Extracted entries Start Marker
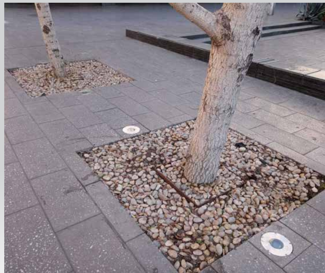
Landscaping – Mint Plaza
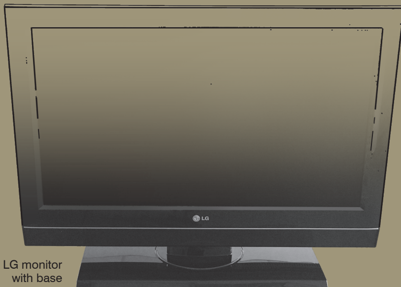
LG monitor with base
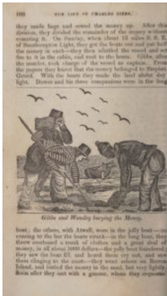
Figure 7: A group of pirates burying treasure. Charles Ellms, comp., and Samuel Nelson Dickinson, The Pirates Own Book (Portland, ME, F. Blake, 1856).
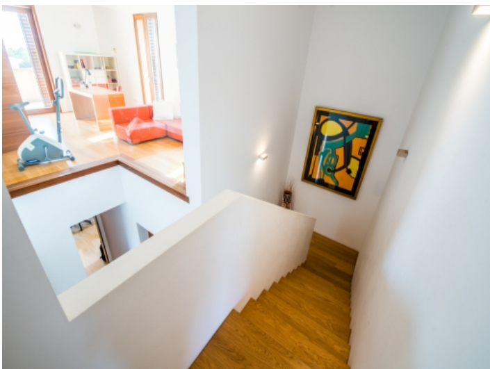
Elegant design of the house
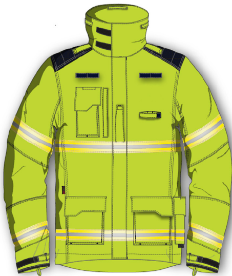
902 Wildland Jacket
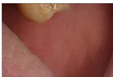
Figure 37. Left buccal mucosa.
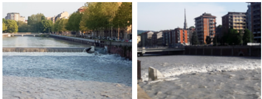
Figure 1: Location in the middle of the city of the mini-hydroelectric power plant. In this photos the system is completed and on the right side we can see the fish ladder.

Considering the purpose to preserve river ecosystem, the project has planned to establish a fish ladder in vertical slot to facilitate fishes' natural migration. It is also designed to reduce the environmental impact on landscape, local vegetation and urban noise. We need to apply systems thinking for providing benefits for humans and at the same time preserving ecosystems and enhancing historical pre-industrial heritage. Managing local resources and providing benefits for the whole context is important to promote sustainable urban metabolism, through the application of the holistic viewpoint. Urban context and natural river ecosystem are complex systems and design in-for-with them is a practice to undertake in a systemic view. Finally this paper's purpose is to show how systems thinking and ecological principles can be applied to face one of the most important challenge of our time: produce clean and sustainable energy in site and reduce its ecological footprint.
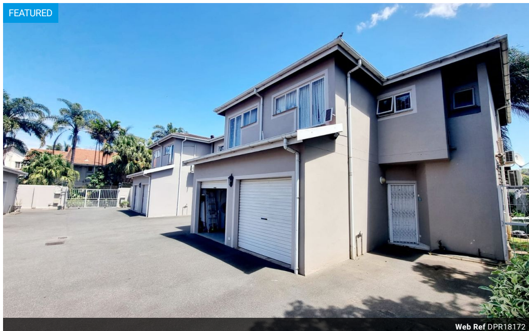
Web Ref DPR18172
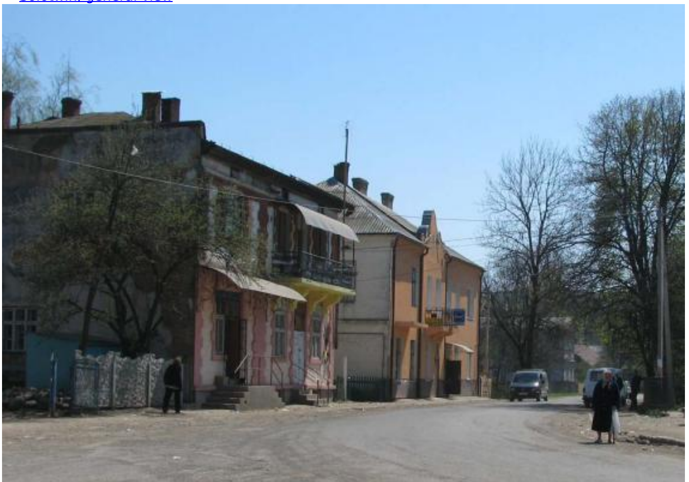
Solotvin, Former Jewish Houses (marketplace)
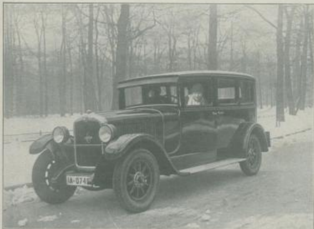
12/55 PS 6 Cyl. Daimler Innenkreuz-Limousine
Extracted entries End Marker
■ **Try it**: Once you have counted the lines of the material that include "Figure", give only that number.

■ **Written solution**: 3